I see lots of those at Logstash:

cpjobqueue: KafkaConsumer is not connected
    at Function.createLibrdkafkaError [as create] (/srv/deployment/cpjobqueue/deploy-cache/revs/5c1dcb96e0539f63ec033a845d2150283c211493/node_modules/node-rdkafka/lib/error.js:260:10)
    at /srv/deployment/cpjobqueue/deploy-cache/revs/5c1dcb96e0539f63ec033a845d2150283c211493/node_modules/node-rdkafka/lib/kafka-consumer.js:442:29

if the jobqueue is not working, then it's logical globalrename isn't working.

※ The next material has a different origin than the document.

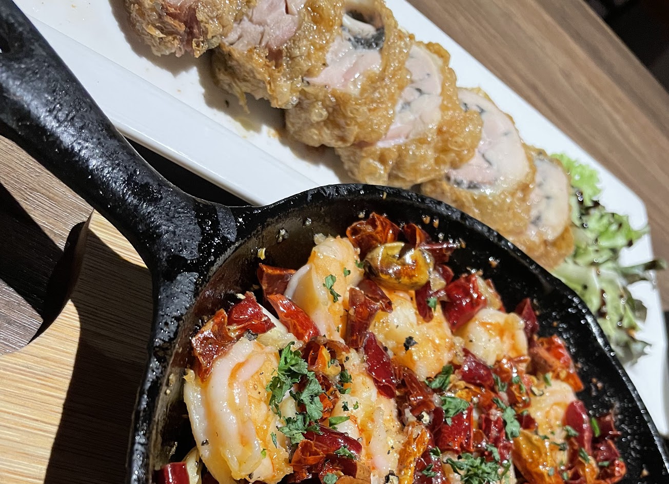 看著評論點餐不會錯?? 辣椒蒜香蝦、蒜蓉蝦義大利麵、白蘭地蘋果、七股炸牡蠣沙拉、無骨牛小排、英式炸魚排、當日壽星三個願望shot

It got stuck indeed. A restart fixed it.

Mentioned in SAL (#wikimedia-releng) [2018-05-10T13:19:30Z] <Hauskatze> maurelio@deployment-tin:~$ mwscript extensions/CentralAuth/maintenance/fixStuckGlobalRename.php --wiki=deploymentwiki --logwiki=deploymentwiki 'Hosiryuhosi' 'Rxy' | T194376

I've fixed the global rename stuck after the jobqueue restart, and while it finished, none of the accounts ended attached so I'll have to run an attachment script I think. Notwithstanding the error reported cpjobqueue: KafkaConsumer is not connected continues to flood Logstash, so as we discussed on IRC, let's see if @Ottomata can help here and stop kafka from misbehaving (+ the puppet errors on the servers kafka-jumbo machines above). Thanks.

Ah, the jumbo nodes failing is because I changed a prod puppet class, but did not uninclude it from deployment-prep horizon. Should be unrelated Will fix.

The commits yesterday were about upgrading Kafka from 0.9.0.1 to 1.1.0 in production. The deployment-prep upgrade was done last week.

Will look though, we might need Petr's help if this is about job queue clients.

Pchelolo claimed this task.
Pchelolo added a subscriber: Pchelolo.

I believe that's not an issue any more?